# Ink Stains..



## colpa110 (Jul 5, 2011)

Whilst I was in the bath last night Betty managed to find a Bic Biro.
She chewed it to pieces and now I have black inks stains on my cream carpet
Naughty Betty... As her punishment I subjected her to a full face trim this morning...
I have tried to get the stains out with carpet stain remover but not with much
success.....any one got any good tips???? I think it is ruined


----------



## JoJo (Mar 2, 2011)

Oops ... not worth having a relaxing bath hey Colin 

Cleaning tips ... new carpet or replace with hard flooring ... 

Sorry I shouldn't joke and laugh .. but I can't help it ... she is a madam


----------



## Mrs Hippiechick (Jul 26, 2011)

What a madam Betty is, these 'poos will eat anything won't they! Archie munched on a small light bulb this morning - came downstairs to find broken glass and the screw in filiment on the floor (he seems perfectly fine weird dog!)

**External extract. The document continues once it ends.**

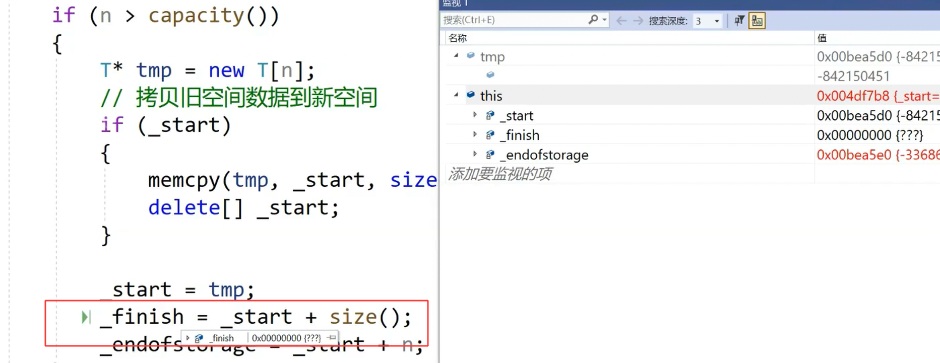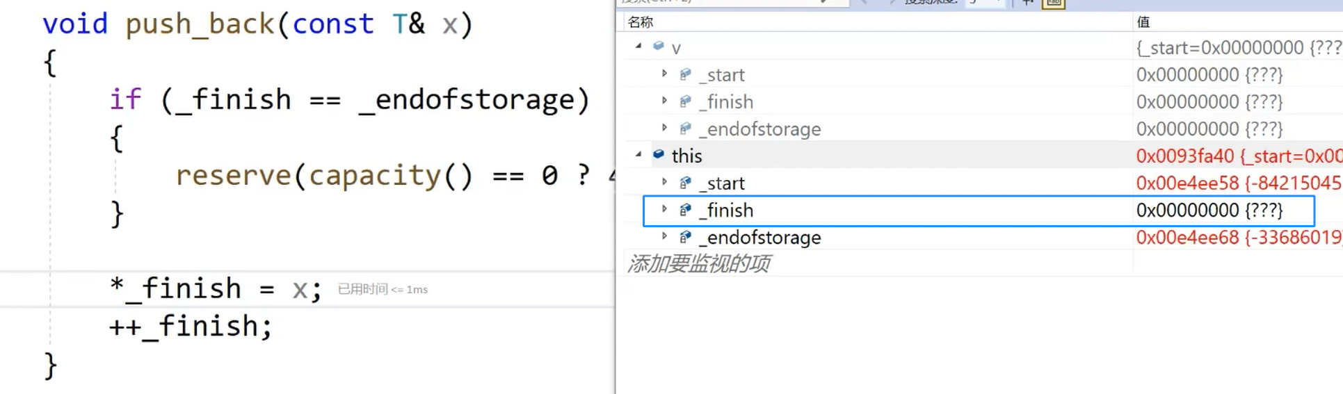 可以发现,_start 和 _endofstorage 都没有问题,并且二者之间相差16个字节。出现问题的就是_finish,_finish的值为空!也就是说红色框中的这一行代码出现了问题。

I'm sure I've read somewhere that milk is really good for getting biro/ink stains out?

Fingers crossed you manage to find something to help


----------



## colpa110 (Jul 5, 2011)

JoJo said:


> Oops ... not worth having a relaxing bath hey Colin
> 
> Cleaning tips ... new carpet or replace with hard flooring ...
> 
> Sorry I shouldn't joke and laugh .. but I can't help it ... she is a madam


That is really not helpful


----------



## colpa110 (Jul 5, 2011)

Mrs Hippiechick said:


> What a madam Betty is, these 'poos will eat anything won't they! Archie munched on a small light bulb this morning - came downstairs to find broken glass and the screw in filiment on the floor (he seems perfectly fine weird dog!)
> 
> I'm sure I've read somewhere that milk is really good for getting biro/ink stains out?
> 
> Fingers crossed you manage to find something to help


Have just googled it... apparently WD40 helps - but what a stink


----------



## JulesB (Mar 6, 2011)

Naughty Betty!! She is a monkey isn't she!! From a google search it seems dry cleaning solution can get rid of ink from carpet.

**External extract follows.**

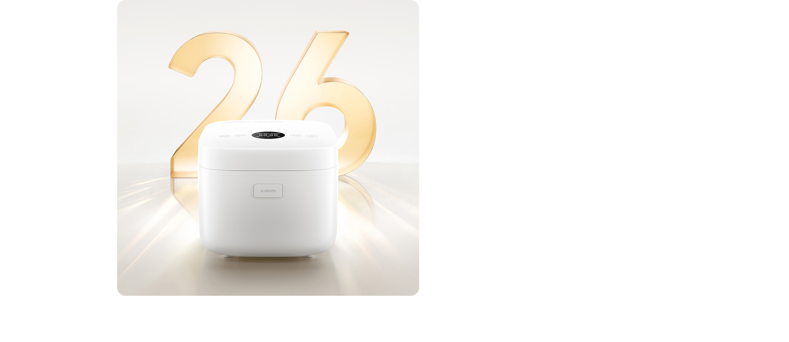 *ทดสอบข้อมูลโดยผู้ผลิต ในโหมด Quick Rice หม้อหุงข้าวใช้เวลา 26 นาทีในการหุงข้าว 1 ถ้วย (เทียบเท่าข้าวสวย 2 ชาม) ระยะเวลาการหุงจะปรับอัตโนมัติตามปริมาณข้าวที่หุง อาจเกิดความแตกต่างระหว่างการใช้งานจริงเนื่องจากสภาพแวดล้อมและวัตถุดิบที่ใช้

Might be worth getting in a professional as they may be able to get the stain out better as they will have the proper chemicals.


----------



## calli.h (Aug 29, 2011)

colpa110 said:


> Have just googled it... apparently WD40 helps - but what a stink


I quiet like the smell!! - Betty you are trouble with a capital T - I bet she chewed it in a place where you cant hide the stain as well!!


----------



## colpa110 (Jul 5, 2011)

calli.h said:


> I quiet like the smell!! - Betty you are trouble with a capital T - I bet she chewed it in a place where you cant hide the stain as well!!


I quite like the smell too ....just not on my carpet

Yep, right in the middle...no hiding it for sure


----------



## calli.h (Aug 29, 2011)

You'll have to get a rug!! Ha Ha


----------



## JoJo (Mar 2, 2011)

Ha ha ha ... Yes well done Calli .. A rug


----------



## wellerfeller (Jul 12, 2011)

If Betty doesn't watch herself, Daddy may well turn her into a nice little rug


----------



## colpa110 (Jul 5, 2011)

JoJo said:


> Ha ha ha ... Yes well done Calli .. A rug


Knowing Betty she would chew it to pieces!!!


----------



## Soo (Dec 16, 2011)

Oooooops! Bad Betty <tries to hide big grin....>


----------



## colpa110 (Jul 5, 2011)

wellerfeller said:


> If Betty doesn't watch herself, Daddy may well turn her into a nice little rug


Now there IS an idea!!!

It would make a change me walking over her rather than the other way around!!


----------



## M&M's mummy (Jul 12, 2011)

colpa110 said:


> Have just googled it... apparently WD40 helps - but what a stink


I told you that first thing this morning!!!

( I have come on to check something -so don't get excited  )


----------



## colpa110 (Jul 5, 2011)

M&M's mummy said:


> I told you that first thing this morning!!!
> 
> ( I have come on to check something -so don't get excited  )


See , I do listen to you...you told me to google it...and I did....see what useful information ILMC members are missing out on........things are once again friendly with a capital F


----------



## Kirsty (Sep 9, 2011)

How about a coffee table then. 

Alternatively I got these guys in to clean my cream loung carpet, they might be able to help, he did a great job. http://www.bone-dry.co.uk/findus

K xx


----------